How pharmacies can thrive amid financial, regulatory and economic uncertainty

Worries about the economy kicked into high gear, melting away notions of a cool, lazy summer for community pharmacies. Recently, 68% of CFOs polled by CNBC said they believe a recession will occur in the first half of 2023.

The concerning economic outlook is another stressor at the top of an ever-growing list for pharmacies, which includes uncertainty over cash flow, shortcomings in CMS’s final rule regarding the use of DIR fees by PBMs and the burden of adapting the Pharmacy Quality Alliance’s (PQA) new pharmacy. quality metrics. While PBMs will likely come under increased scrutiny from regulators in light of recent news that a national PBM has been accused of supplying unnecessary prescription drugs to military personnel, they continue to be in contradiction with the profitability of independent pharmacies.

Because the stakes are higher for 2023 than in previous years, understanding potential industry challenges and harnessing new solutions will be crucial for community and independent pharmacies hoping to remain profitable.

2023: what awaits us

The potential for continued recovery from DIR is perhaps the biggest challenge community pharmacies need to prepare for in the coming year, but it is not the only one.

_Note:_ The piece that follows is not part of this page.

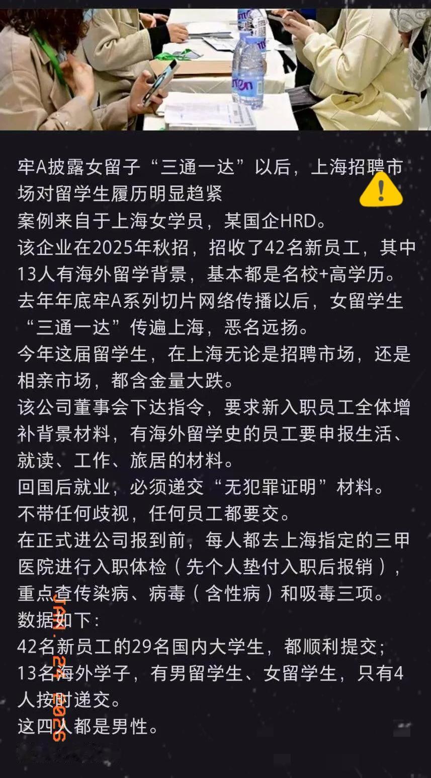 某国企要求有海外留学经历提交体检报告,女性无一报告。牢a关于女留子的直播,女留子的反应很有趣。其实这背后藏着的,是留学生群体的真实分层,舆论的热议不过是把这层窗户纸捅破了而已。 正经啃书本的理工科女留子,大多认牢A的说法,即便心里不舒服也不愿发声,毕竟当下留学生的舆论环境本就不占优,拿出真本事反驳也容易被无脑围攻,索性沉默做事。反倒是那些花大钱镀金买水硕、在国外私生活混乱的女留子,被戳中痛处彻底破防,在各大社交平台上跳脚辩解,越吵越暴露心虚。 说到底,舆论从不是针对所有留学生,而是对“假留学真享乐”的戳穿,国企的体检要求和牢A的直播,不过是照妖镜,照出了留学的真实成色。真有真才实学的,从不怕外界的审视,只有虚有其表的,才会怕被扒开伪装。你觉得当下对留学生的舆论审视,是过于严苛还是理所应当?

In a recent report from the Columbia University Mailman School of Public Health, nearly 80% of pharmacists surveyed expect a greater role in preventive care by 2030. Many are already feeling the effects, as they are called upon by payers and physicians to complete routine medical care in addition to administering medication.

While the mainstream demand for pharmacies to do more with less isn’t new, younger workers are being asked to clock in for increasingly longer shifts, especially in rural areas of the United States. Additionally, as we have learned to live with Covid, the current prospect of small community pharmacies losing one or two workers who contract the virus (and having to self-isolate at home for at least five days) puts further pressure on healthy staff who must fill in the gaps while they are away. It’s no wonder that nearly 7 in 10 pharmacists say they’re burnt out.

Meanwhile, payers feel increased pressure to deliver an exceptional member experience and expect their pharmaceutical partners to help.

In 2020, CMS doubled the weight of the CAHPS Health Plan Survey measures of member experience, which now account for nearly 40% of a health plan’s overall star rating, and increased the weight of medication adherence metrics in its contract year 2021 star rating formula updates. Plans that do not achieve 4.5 stars risk losing the incentives they need to stay in business. So until further notice, pharmacies and health plans have no choice but to work together to optimize member satisfaction and experience.

Plan for the future

There is no single solution that will address these concerns, and cost containment strategies can only take a business so far. With that in mind, these three revenue-generating strategies that can help alleviate financial and operational pressures:

  1. Look for new opportunities to generate income.

Market preferences are constantly changing, and pharmacies that can meet consumer needs for convenience, access, and service will see more foot traffic, and their health plans and provider partners will also benefit. Now is the time to look for new ways to strategically improve operations: for example, by offering ancillary services such as telemedicine consultations or clinical care/dietary advice, or by incorporating a medication synchronization program to meet current consumer needs.

  1. Streamline communications on a single platform

With increasing demands on pharmacists’ time, staying organized and streamlined is key to staying sane. An integrated care management platform can bring together multiple streams of data and improve the following areas:

* Supply chain management

* Traceability and transparency of medicines

* Medication administration and management

* Quality improvement reporting

* Performance tracking

* Member engagement and awareness

* Care collaboration with providers and health plans

In addition to facilitating day-to-day operations, using a single platform instead of multiple technology systems can help pharmacy professionals reduce manual IT errors and maintain patient safety.

  1. Work more closely with care partners to engage members

Health plans and pharmacies aren’t always on the same page, often because they don’t use the same technology platform, but incentive programs from CMS and others will continue to reward care partners who can work together to engage and motivate individuals to improve quality. and the results. Using an integrated clinical care management platform can help support all care partners in tracking progress of medication management and CAHPS metrics, while streamlining reporting.

Community pharmacies must now prepare for 2023 and ensure that their operations, technology and partnerships are in top condition in the event of more unexpected economic turbulence. The more that can be done now, the better equipped pharmacy managers will be to handle stressful events and weather financial storms six months from now.